====== Stored data

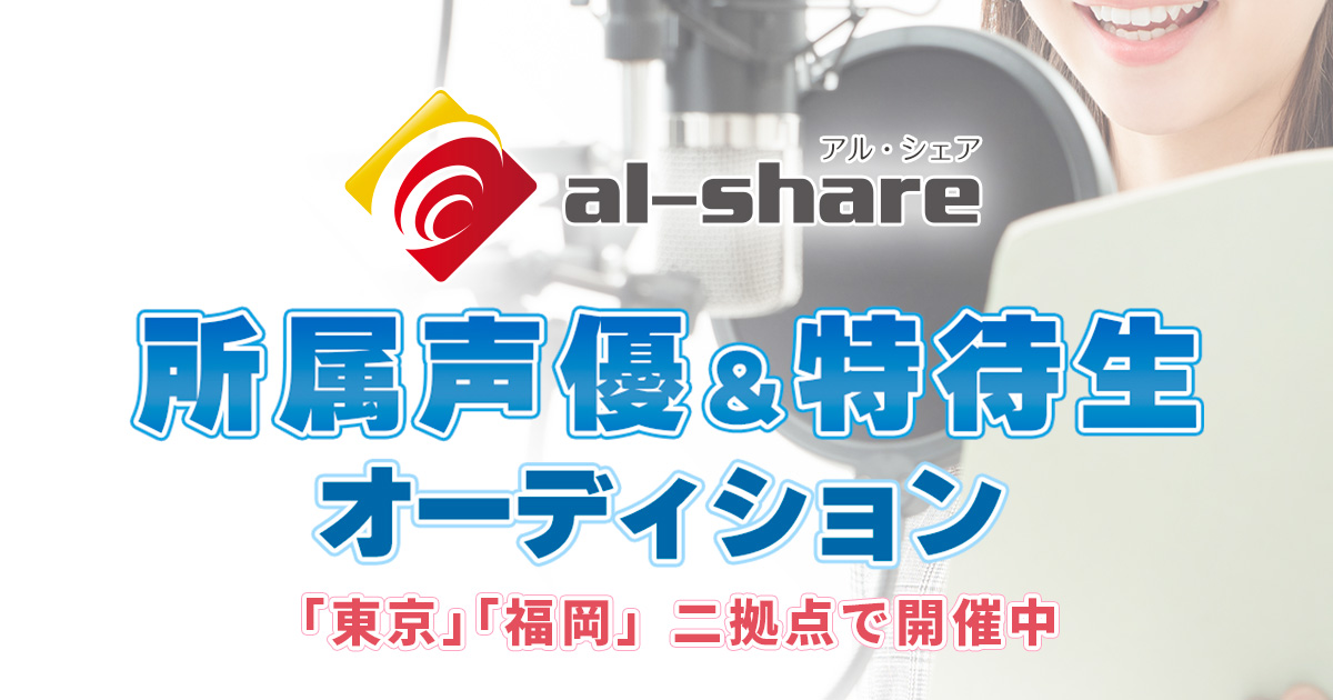 声優事務所 株式会社アル・シェア(本社:東京都新宿区高田馬場4-18-9 ハイシティ高田馬場410、代表取締役:藤田浩治、以下アル・シェア)は東京・福岡の二拠点で、所属声優オーディション及び附属養成所D-eXの特待生オーディションを同時開催します。
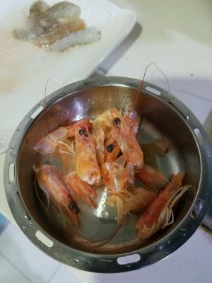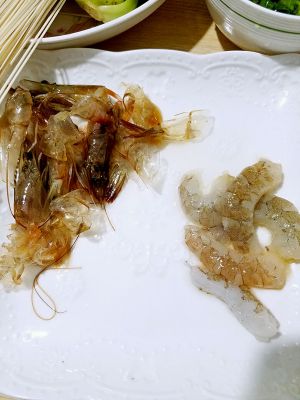 虾去头去尾去壳,挑去黑线,取出虾仁,虾壳保留。
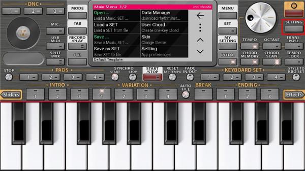 1、在本站下载安装,进入首页界面,用户可以发现ORG 24电子琴还是全英文的,点击界面的设置
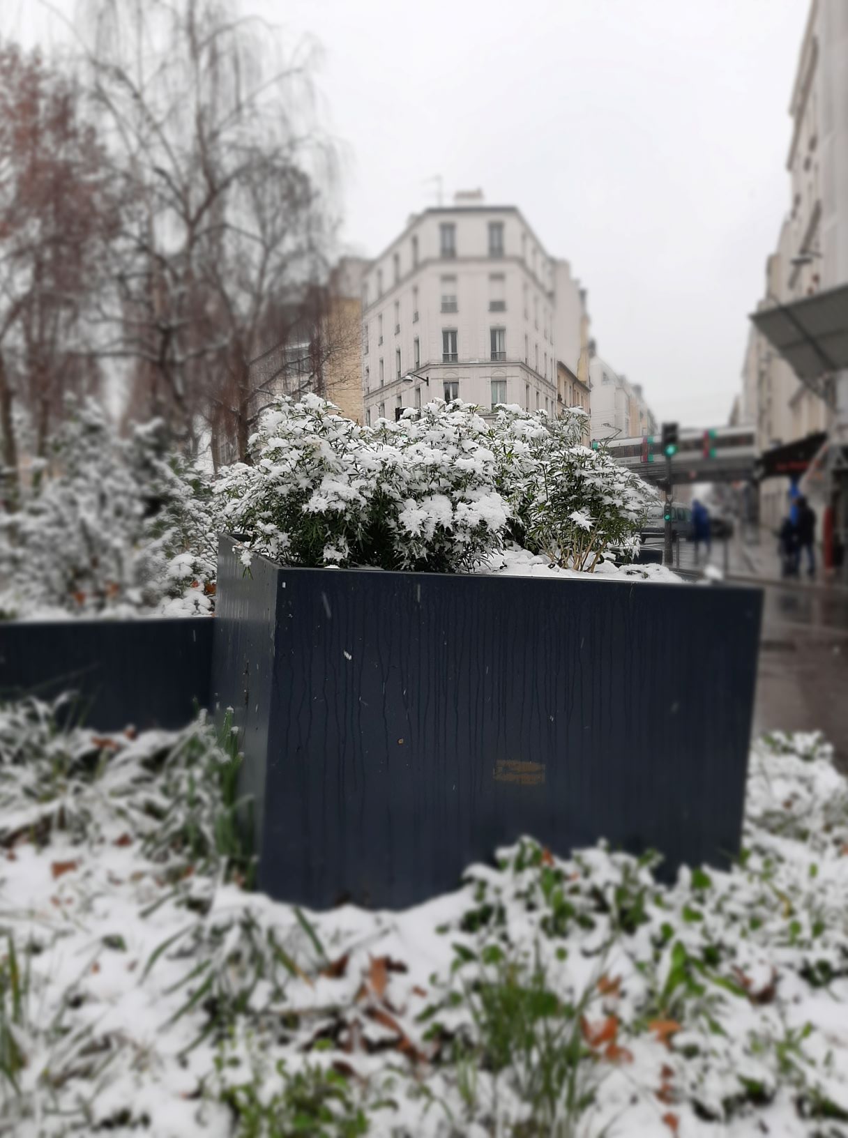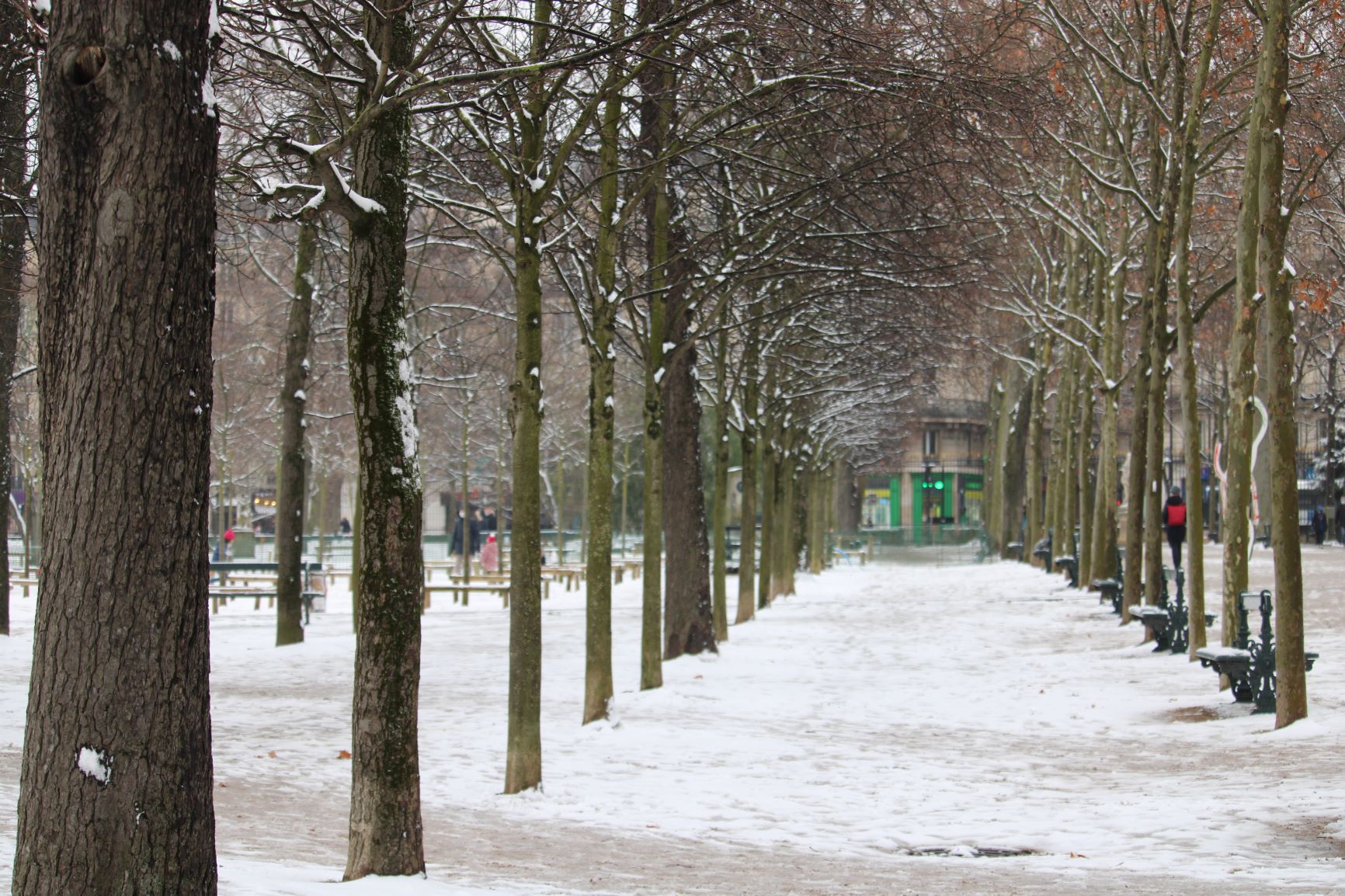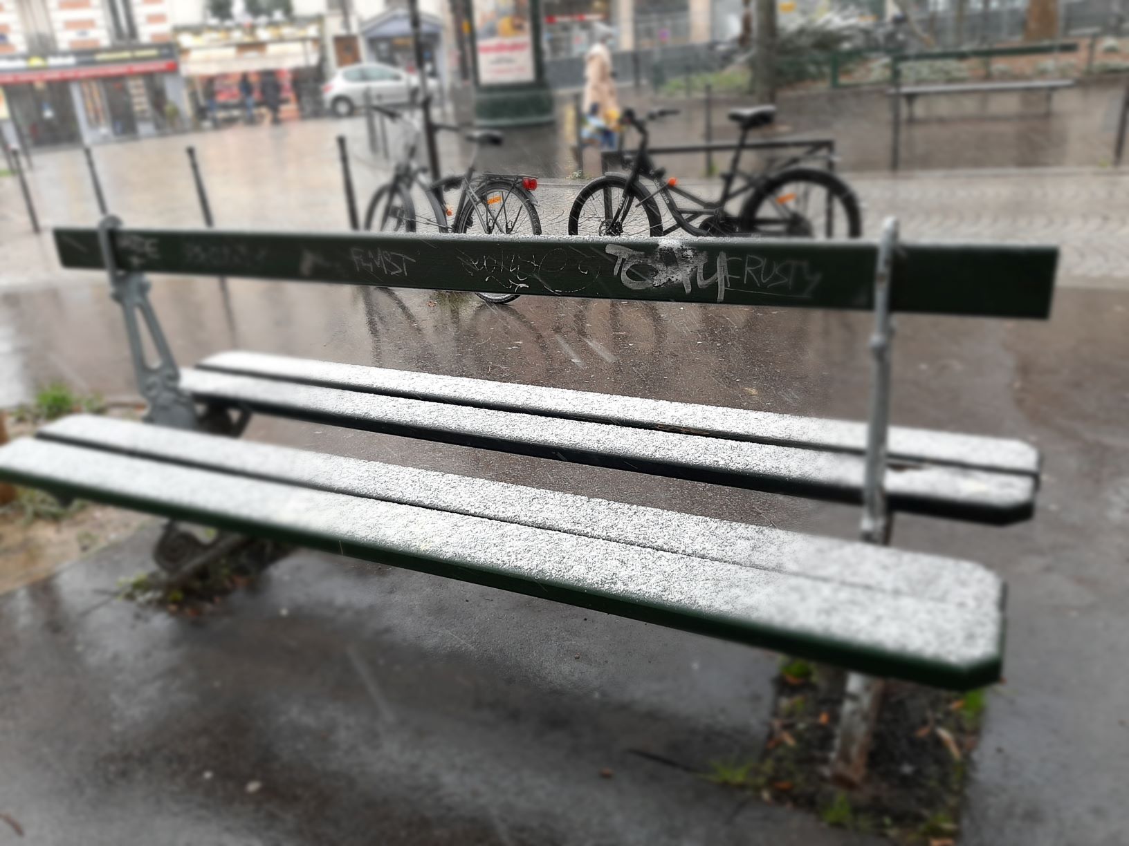 Barely an hour later, here it is spreading out over the city. At first discreet, it lays a tiny veil on the Parisian benches.
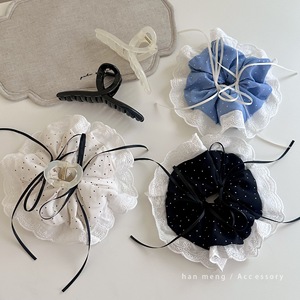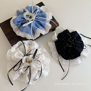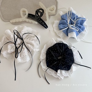 百搭法式蕾丝波点蝴蝶结大肠发圈抓夹女新款高级气质盘发鲨鱼发夹
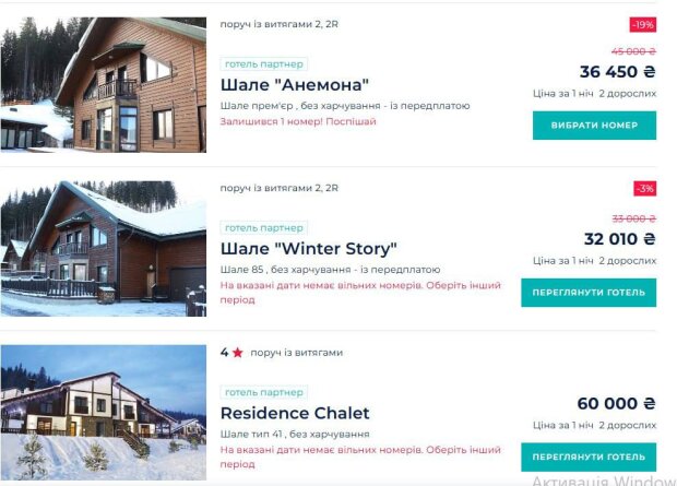 В Карпатах на праздники цены слетят минимум на 50%. Новогодние сутки в спа-отеле Буковеля стартуют от 20 тыс. грн, шале – до 60 тыс. грн, а Ski-пассы будут стоить 1500-1900 грн.

============

◆ What is expected ◆
With the pictures removed, copy the data above word for word.

◆ Completed exercise ◆
 声優事務所 株式会社アル・シェア(本社:東京都新宿区高田馬場4-18-9 ハイシティ高田馬場410、代表取締役:藤田浩治、以下アル・シェア)は東京・福岡の二拠点で、所属声優オーディション及び附属養成所D-eXの特待生オーディションを同時開催します。
 虾去头去尾去壳,挑去黑线,取出虾仁,虾壳保留。
 1、在本站下载安装,进入首页界面,用户可以发现ORG 24电子琴还是全英文的,点击界面的设置
 Barely an hour later, here it is spreading out over the city. At first discreet, it lays a tiny veil on the Parisian benches.
 百搭法式蕾丝波点蝴蝶结大肠发圈抓夹女新款高级气质盘发鲨鱼发夹
 В Карпатах на праздники цены слетят минимум на 50%. Новогодние сутки в спа-отеле Буковеля стартуют от 20 тыс. грн, шале – до 60 тыс. грн, а Ski-пассы будут стоить 1500-1900 грн.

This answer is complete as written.